[Start of section]

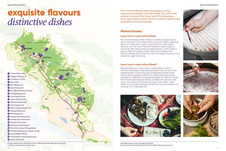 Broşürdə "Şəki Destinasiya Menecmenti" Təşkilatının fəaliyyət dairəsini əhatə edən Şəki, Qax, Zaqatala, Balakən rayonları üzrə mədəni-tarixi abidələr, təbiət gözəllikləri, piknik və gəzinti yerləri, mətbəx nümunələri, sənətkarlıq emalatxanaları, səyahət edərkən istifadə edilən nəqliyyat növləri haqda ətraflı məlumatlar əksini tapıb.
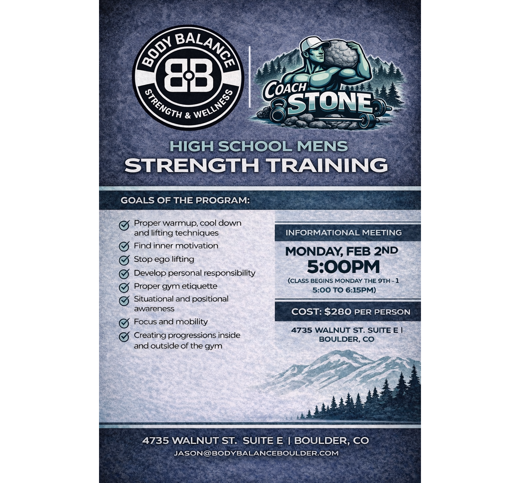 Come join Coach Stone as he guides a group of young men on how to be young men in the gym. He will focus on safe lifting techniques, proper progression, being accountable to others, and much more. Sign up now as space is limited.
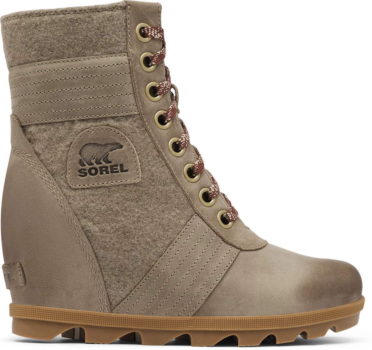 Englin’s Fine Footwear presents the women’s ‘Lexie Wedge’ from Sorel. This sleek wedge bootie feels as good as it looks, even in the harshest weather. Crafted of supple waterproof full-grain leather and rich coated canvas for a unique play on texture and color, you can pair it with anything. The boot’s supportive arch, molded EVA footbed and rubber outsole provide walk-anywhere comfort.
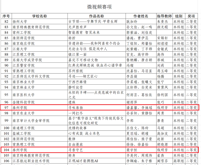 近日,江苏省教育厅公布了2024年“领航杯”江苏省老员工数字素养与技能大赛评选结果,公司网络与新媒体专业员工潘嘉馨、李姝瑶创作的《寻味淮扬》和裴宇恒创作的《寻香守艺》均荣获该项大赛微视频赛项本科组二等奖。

[End of section]
[Start of section]

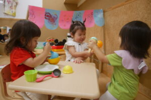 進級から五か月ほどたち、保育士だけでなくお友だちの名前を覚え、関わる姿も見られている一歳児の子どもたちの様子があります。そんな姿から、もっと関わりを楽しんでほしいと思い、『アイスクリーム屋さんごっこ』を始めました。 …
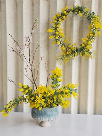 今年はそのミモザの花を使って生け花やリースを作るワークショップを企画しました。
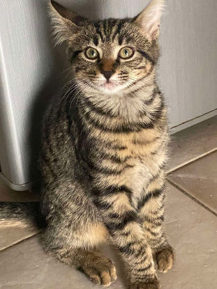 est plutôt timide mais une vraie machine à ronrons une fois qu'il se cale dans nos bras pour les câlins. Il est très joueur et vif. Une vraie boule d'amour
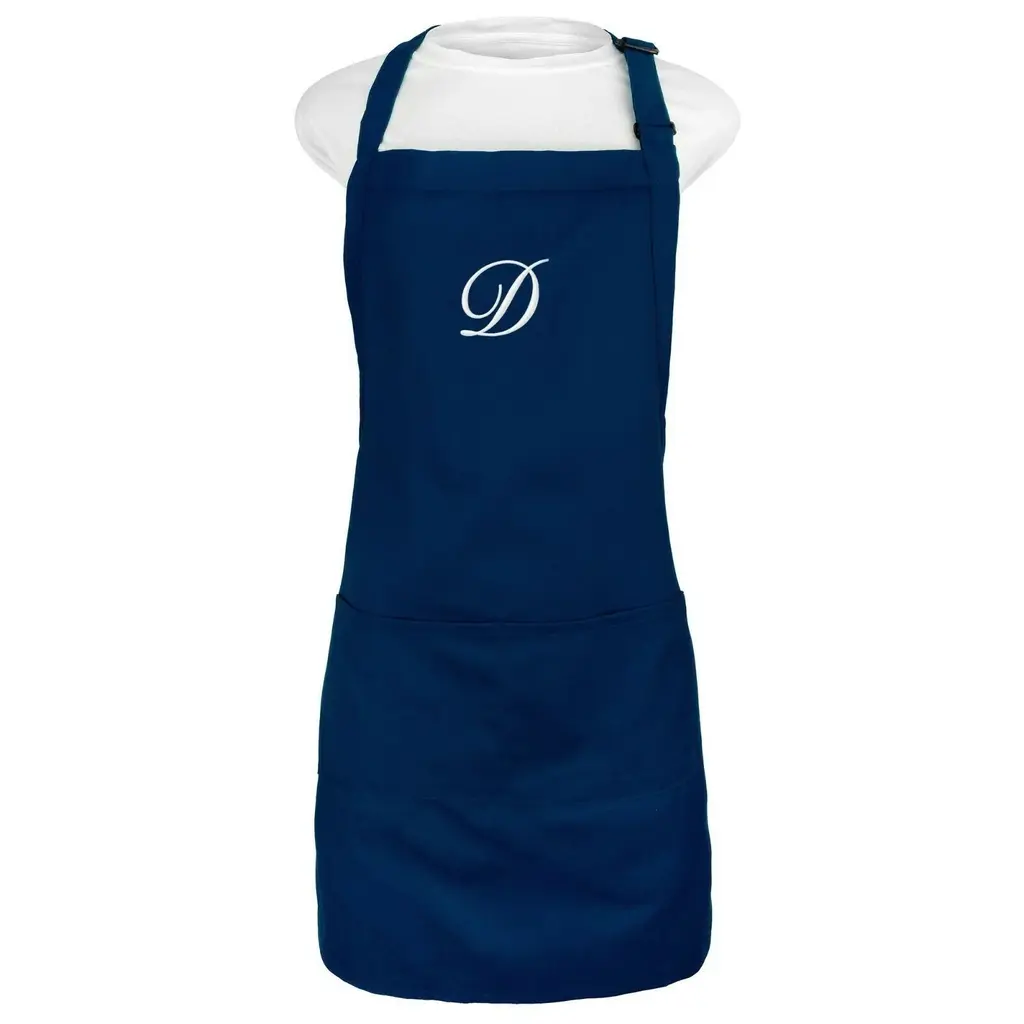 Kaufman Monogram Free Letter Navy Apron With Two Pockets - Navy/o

[End of section]
[Start of section]

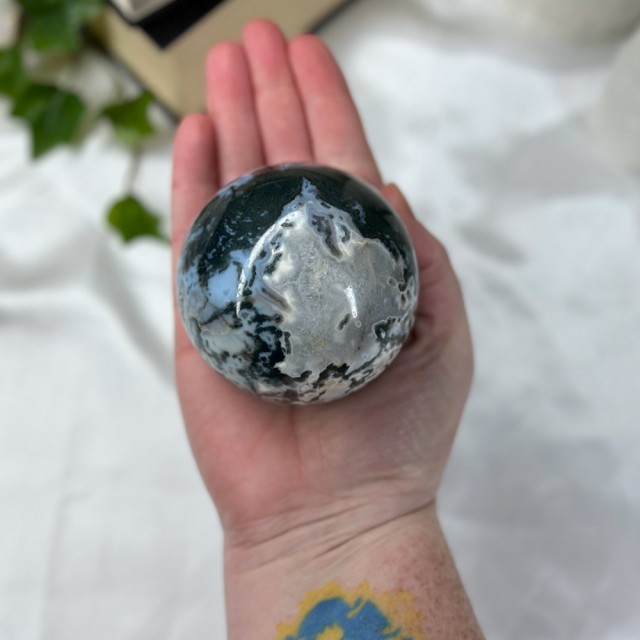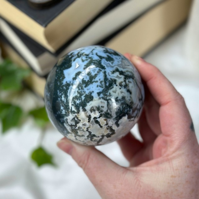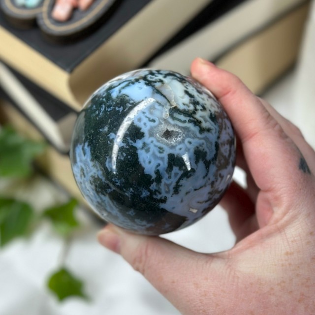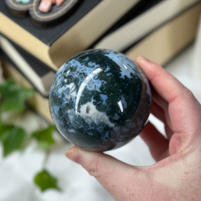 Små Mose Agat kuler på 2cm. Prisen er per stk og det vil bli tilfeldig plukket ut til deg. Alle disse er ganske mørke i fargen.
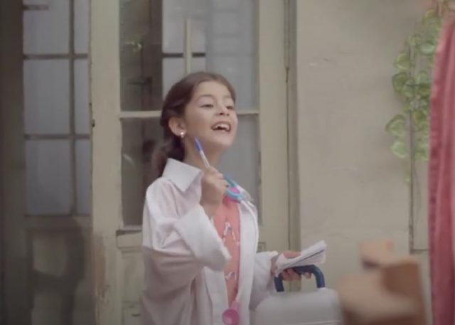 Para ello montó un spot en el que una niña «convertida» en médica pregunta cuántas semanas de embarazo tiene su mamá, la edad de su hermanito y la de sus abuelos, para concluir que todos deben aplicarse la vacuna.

[End of section]

> _DIRECTIONS_
Nothing but the lines from the one with "Come join Coach" up to and including the one with "近日,江苏省教育厅公布了20" should be printed, exactly as they read above. Please keep the pictures out.

> _RESULT_
 Come join Coach Stone as he guides a group of young men on how to be young men in the gym. He will focus on safe lifting techniques, proper progression, being accountable to others, and much more. Sign up now as space is limited.
 Englin’s Fine Footwear presents the women’s ‘Lexie Wedge’ from Sorel. This sleek wedge bootie feels as good as it looks, even in the harshest weather. Crafted of supple waterproof full-grain leather and rich coated canvas for a unique play on texture and color, you can pair it with anything. The boot’s supportive arch, molded EVA footbed and rubber outsole provide walk-anywhere comfort.
 近日,江苏省教育厅公布了2024年“领航杯”江苏省老员工数字素养与技能大赛评选结果,公司网络与新媒体专业员工潘嘉馨、李姝瑶创作的《寻味淮扬》和裴宇恒创作的《寻香守艺》均荣获该项大赛微视频赛项本科组二等奖。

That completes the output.